Most of these slots hold best-estimates of parameters or sample size details:

results_subgroup[c(1:17, 21:22)]
$D
          1 
0.001781001 

$D_CV
        1 
0.6776879 

$D_L95
[1] 0.0008179086

$D_U95
[1] 0.006177771

$N
[1] 4407

$N_CV
[1] 0.6777321

$N_L95
[1] 2024

$N_U95
[1] 15287

$ER
[1] 0.001431569

$ESW
[1] 2.683627

$ESW_CV
[1] 0.1009069

$ss
[1] 2.397167

$n
[1] 23

$L
[1] 16066.29

$n_segments
[1] 128

$g0
[1] 0.359

$g0_cv
[1] 0.323

$iterations
[1] 200

$density_bootstraps
[1] 10000

The g0_details slot includes the results from the g0_model() and g0_weighted() functions called internally by lta_subgroup(). See those functions’ documentation pages for details.

results_subgroup$g0_details %>% names
[1] "summary"

The df slot includes details of the detection function fit. See the documentation for df_plot() for details.

results_subgroup$df %>% names
[1] "best_models"  "all_models"   "best_objects" "sightings"   

The bootstraps slot has the bootstrapped values for various parameters, in case they are useful for troubleshooting, subsequent analyses, and/or plotting:

results_subgroup$bootstraps %>% names
[1] "esw" "ss"  "g0"  "er"  "D"   "N"  

Some examples:

Behind the scenes

This function performs the following operations:

  1. Fits a detection function to df_sits without covariates, using the LTabundR function df_fit(), in order to estimate the effective strip width (ESW).

  2. Conducts bootstrap re-sampling of the detection function fitting routine in order to estimate the CV of ESW.

  3. Estimates the arithmetic mean subgroup size based on the ss input.

  4. Creates a bootstrap-resampled distribution of subgroup sizes, with which CV is estimated.

  5. Optional: models the Relative g(0) in different survey conditions using the LTabundR function g0_model(). This function also estimates the CV of the Rg(0) estimate in each Beaufort sea state using jackknife resampling.

  6. Estimates the encounter rate (subgroup detections / trackline surveyed).

  7. Creates a bootstrap-resampled distribution of encounter rate estimates.

  8. Calculates an empirical weighted g(0) estimate according to the proportion of effort occurring in each Beaufort sea state, then uses an automated parameter MCMC optimization routine (see details in LTabundR function g0_weighted()) to estimate the CV of the weighted g(0) estimate.

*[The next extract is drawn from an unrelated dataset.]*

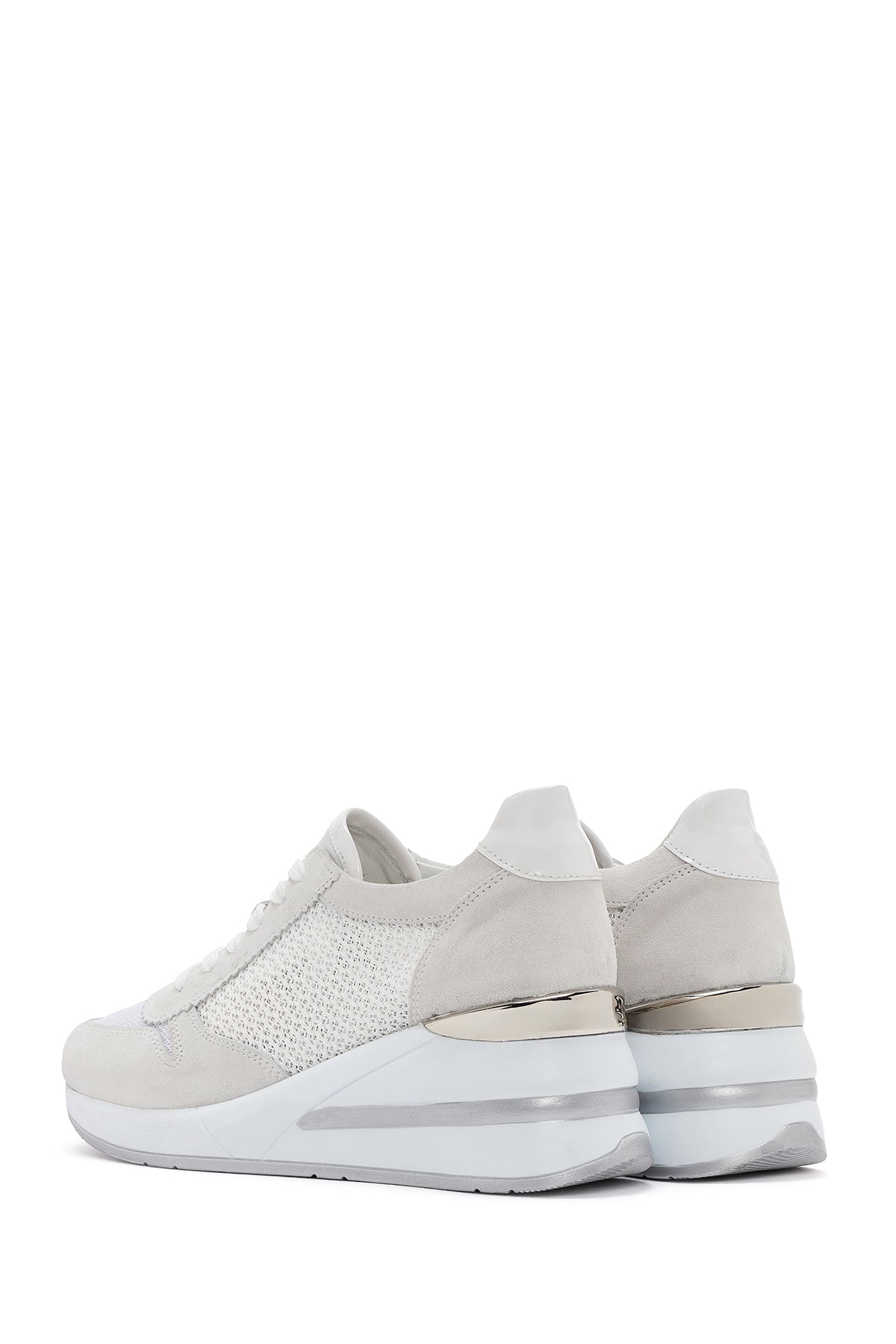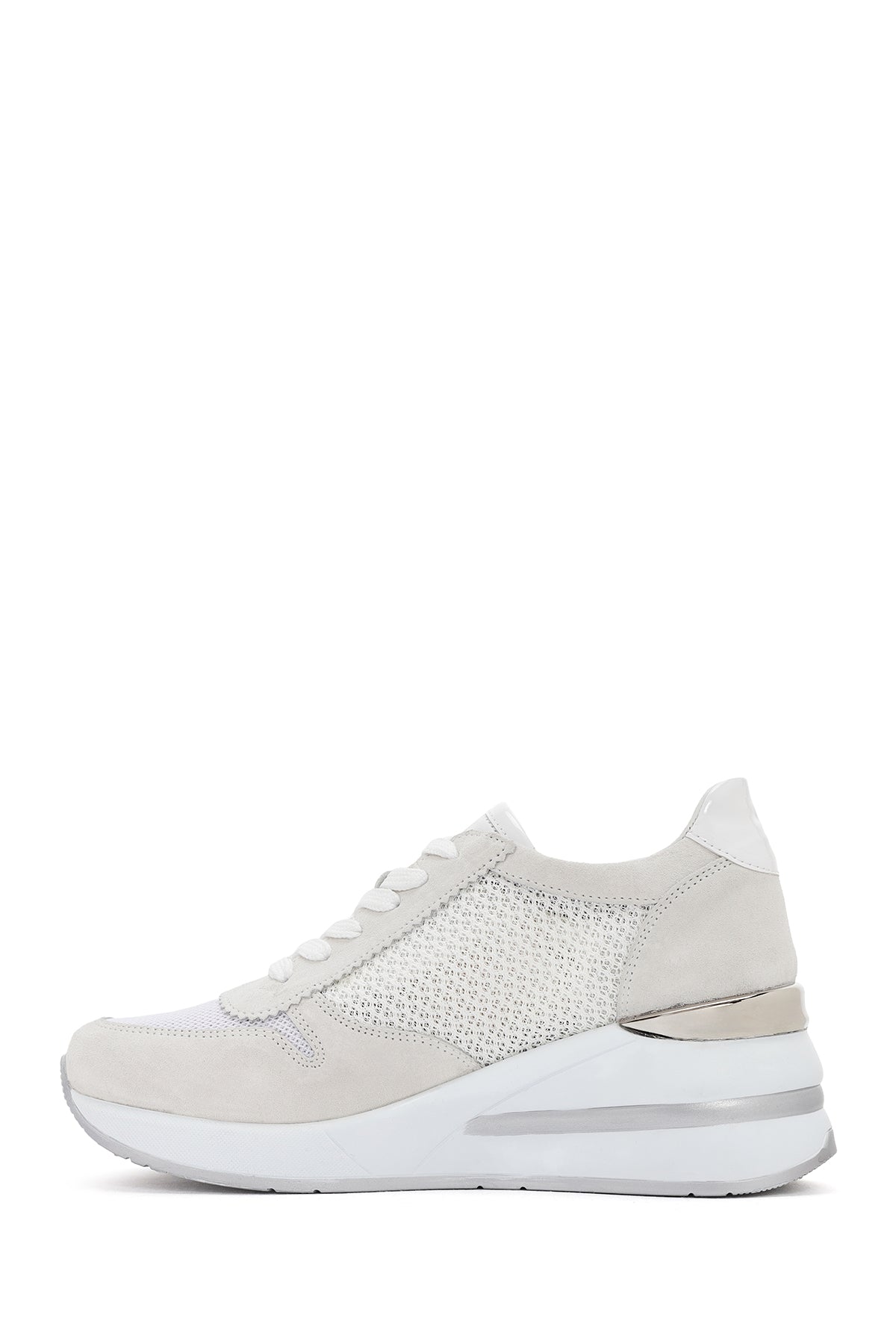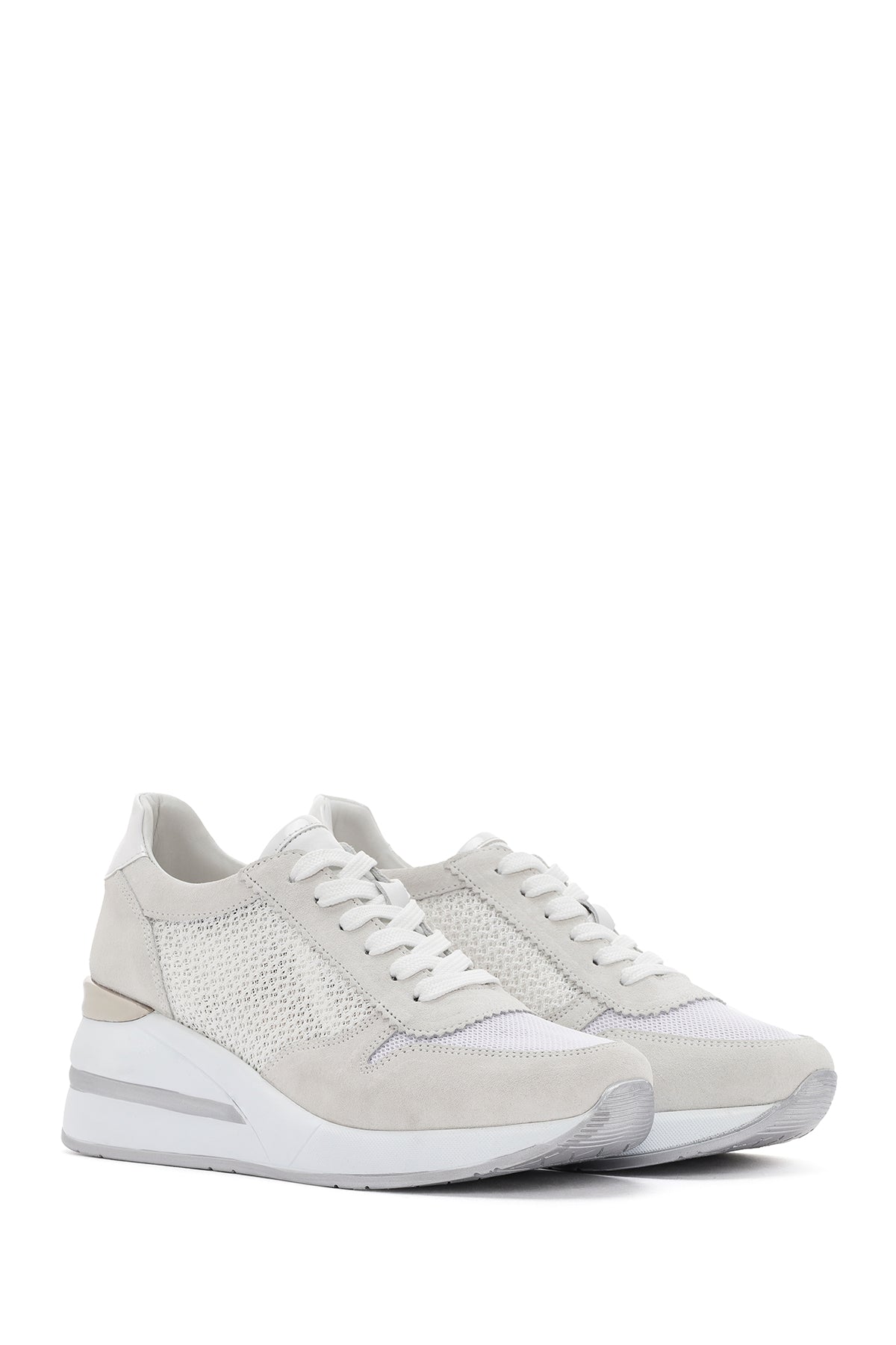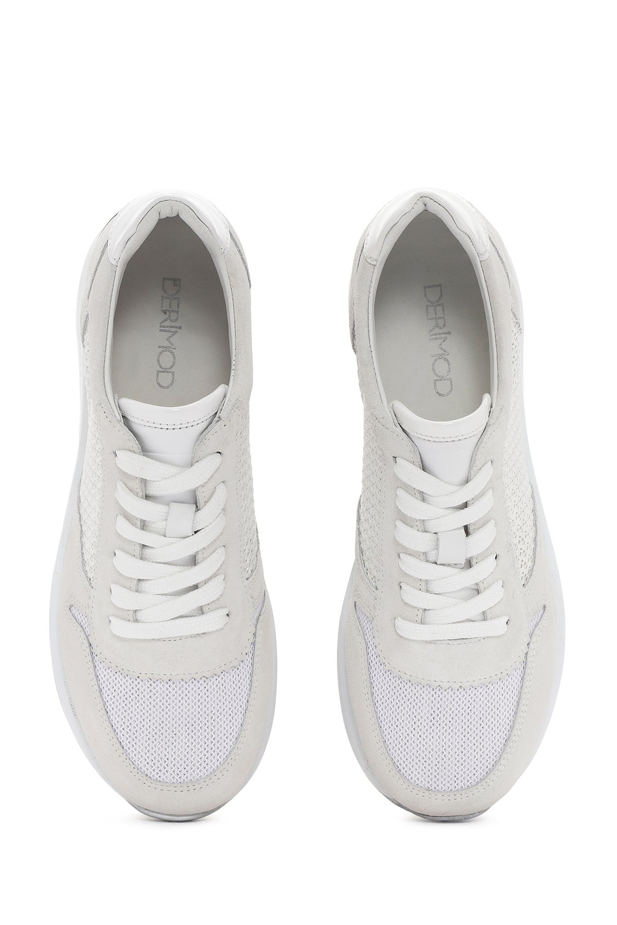 Kadın Beyaz Kalın Topuklu Bağcıklı Deri Sneaker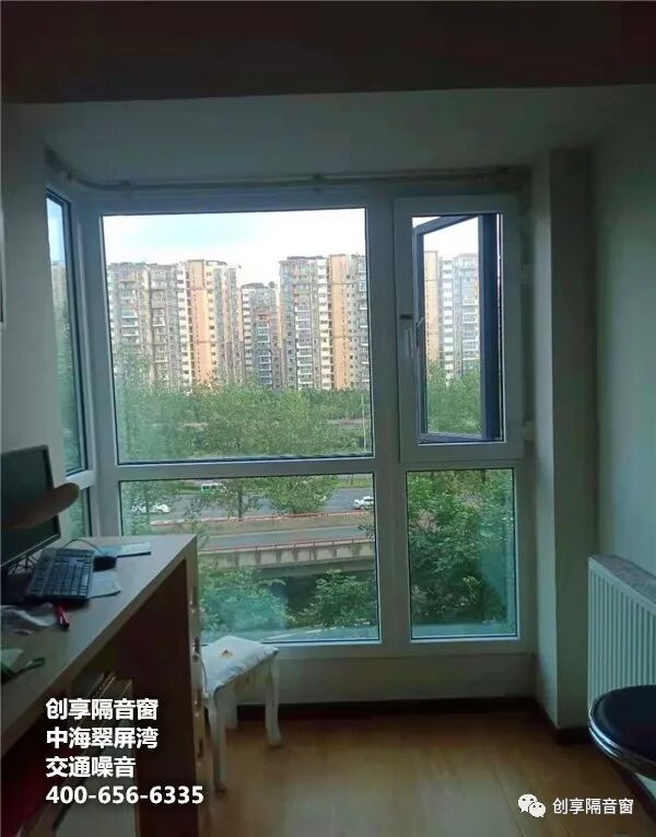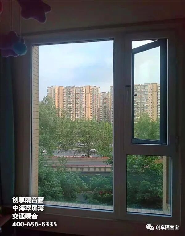 中海翠屏灣位于泰和二街333號,中海翠屏灣的客戶選擇在臥室原窗內(nèi)側(cè)加裝創(chuàng)享隔音窗,主要噪音為34分貝左右。

  9. Creates a bootstrap-resampled distribution of the weighted g(0) estimate.

  10. Estimates density using the point estimates of effective strip width, subgroup size, g(0), and the encounter rate.

  11. Estimates abundance by scaling the density estimate by the provided abundance_area input.

  12. Creates a bootstrap-resampled distribution of the density estimate by iteratively drawing values from the resampled distributions of the constituent parameters of the density equation.

  13. Creates a bootstrap-resampled distribution of the abundance estimate by scaling the density distribution by the abundance_area input.

Note that this approach could theoretically be used for other species that occur in subgroups.